Internet speculation has focused far more on Peterson’s struggles with drug abuse. Between 2000 and 2012, she was arrested five times on substance abuse-related charges, and mug shots display the disturbing transformation of her appearance. However, her mom told Entertainment Tonight that the former star “had been clean for a long time and this was not, in any way, a drug thing.”
Even if Peterson’s toxicology comes back negative, there’s still a possibility that past drug abuse combined with sleep apnea (a potentially serious disorder in which breathing involuntarily stops and starts during sleep) both played roles in her death.
That’s because both not only place undue stress on the body’s vital organs, the two conditions can actually exacerbate each other.
During the 1970s, Stabler was the Pro Bowl quarterback — and legendary leader — of the NFL’s renegade franchise: the Oakland Raiders.

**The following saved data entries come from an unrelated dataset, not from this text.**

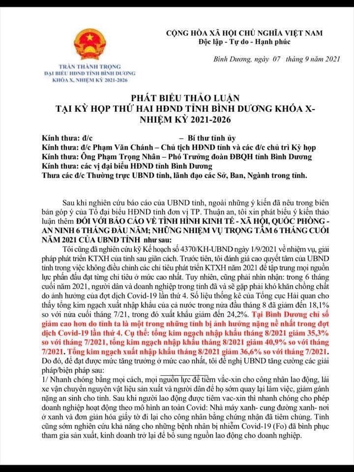Tất cả lãnh đạo cùng toàn Hệ thống chính trị , mọi lực lượng trong và ngoài tỉnh Bình Dương vừa trải qua 75 ngày chống dịch liên tục và căng thẳng. Trong đầu, lúc báo cáo trước HĐND vẫn còn những yếu tố “ phong toả, đông cứng, F0…”
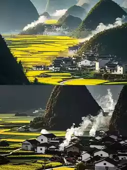Wanfenglin is beautiful year-round, each season offering its own charm. In spring (March-May), rapeseed flowers transform the fields into golden oceans, with peaks floating like islands. Summer (June-August) brings emerald-green rice paddies, where peaks play hide-and-seek in the mist. During autumn harvest (September-October), golden rice waves create stunning contrasts with the gray-white peaks. Winter (November-February) drapes the landscape in morning fog, resembling an ink-wash scroll. Don't miss the Buyei ethnic "Flower Dancing Festival" on the 2nd day of the 2nd lunar month for unique cultural experiences.
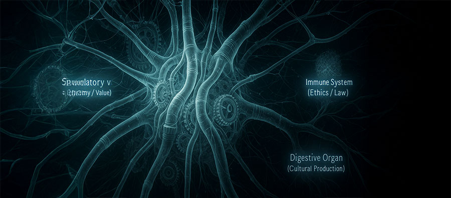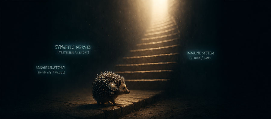 [5] Neo-Toplumsal Organoloji, metninin bağlamında toplumu artık “kurumların toplamı” ya da “bireylerin soyut etkileşimi” olarak değil; farklı ritimlerde çalışan, birbirini tamamlayan ya da sabote eden organlardan oluşan dinamik bir canlı beden olarak okuyan radikal bir çerçevedir. Bu yaklaşım, Gilbert Simondon’un bireyleşme düşüncesini, Bernard Stiegler’in organoloji kavramını ve Heterobilim Okulu’nun sinaptik-toplumsal akış modelini aynı potada eriterek; toplumu sinir sistemleri (iletişim, hafıza, eleştiri), dolaşım sistemleri (ekonomi, emek, değer akışları), bağışıklık sistemleri (hukuk, etik metabolizma), solunum ağları (kamusal alan, ifade özgürlüğü), sindirim organları (kültürel üretim, ritüeller, hikâye anlatımı) gibi işlevsel katmanlar üzerinden yeniden tasnif eder. Neo-Toplumsal Organoloji’nin iddiası, sadece bir metafor sunmak değildir; metinde vurgulanan praksiyolojik dönüşümle birleştiğinde, toplumun nerede nefes darlığı çektiğini, nerede ritim bozukluğu yaşadığını, hangi organların nekroza uğradığını ya da hangi dokuların kendini yenileyebildiğini teşhis etmeyi ve buradan yeni bir siyasal-etik mimari kurmayı mümkün kılar. Heterobilim Okulu açısından bu organoloji, eleştirinin biyopolitik bir anatomiye dönüşmesidir; toplumun bedenini kesip biçen değil, ona yeni bir sinirsel uyum kazandıran bir düşünme biçimi. Filozof Kirpi: “Toplumu anlamak için haritalar yetmez; onun atan nabzını, titreyen sinirlerini ve tıkanan damarlarını duymayı bilmek gerekir.”
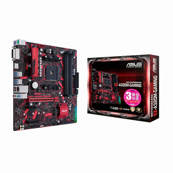 AMD(소켓AM4) / AMD A320 / M-ATX (24.4x24.4cm) / 전원부:6페이즈 / [메모리] / DDR4 / 2666MHz (PC4-21300) / 4개 / 메모리 용량:최대 64GB / [확장슬롯] / VGA 연결:PCIe3.0 x16 / PCIe버전:PCIe3.0,PCIe / PCIex16:1개 / PCIex4(at x2):1개 / PCIex1:1개 / [저장장치] / M.2:1개 / SATA3:4개 / M.2 연결:PCIe,SATA / [후면단자] / HDMI / DVI / USB3.x 5Gbps / USB 2.0 / RJ-45 / 오디오잭 / PS/2 / [랜/오디오] / 유선랜 칩셋:Realtek RTL8111H / 1Gbps / RJ-45:1개 / 오디오 칩셋:Realtek ALC887 / 7.1채널(8ch) / [특징] / LED라이트 / UEFI
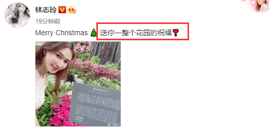 据悉,林志玲婚后一向定居在日本,近日返回台湾,虽然已经是日本人妻,但依然不忘自己的基金会,积极投身公益奇迹,更是前往台南、高雄做公益,并且重返去年与丈夫akira的婚礼举办地台南美术馆,与她自己认养的花园合影,并且开心写下了一段圣诞节祝福:“Merry Christmas~送给你一整个花园的祝福。”

Nicknamed “The Snake,” the long-haired lefthander was best-known for two things: leading clutch game-winning drives on the field … and partying like a rock star off it.
Stabler used to say that he did just fine studying his playbook “by the light of a nightclub jukebox.”
The NFL’s Most Valuable Player in 1974, he authored far too many late-game heroics to recount.
But for passionate lifelong Miami Dolphins fans like myself, Stabler’s most enduring moment — the (in)famous “Sea of Hands” play — is a permanent wound burned into our sports souls. That miraculous playoff game-winning touchdown pass — which Stabler, while being tackled, floated into the end zone among three Dolphins defenders — ended the Dolphins Super Bowl dynasty of the early 1970s.
Stabler’s family announced via Facebook last week that the Alabama native had, at 69, succumbed to Stage 4 colon cancer.
He been diagnosed only a few months ago. Whether Stabler had been undergoing regular colonoscopy screenings prior to his late-stage diagnosis is unclear.
But his death does serve as a reminder to all of us of how vital it is to detect colon cancer in its earliest stage.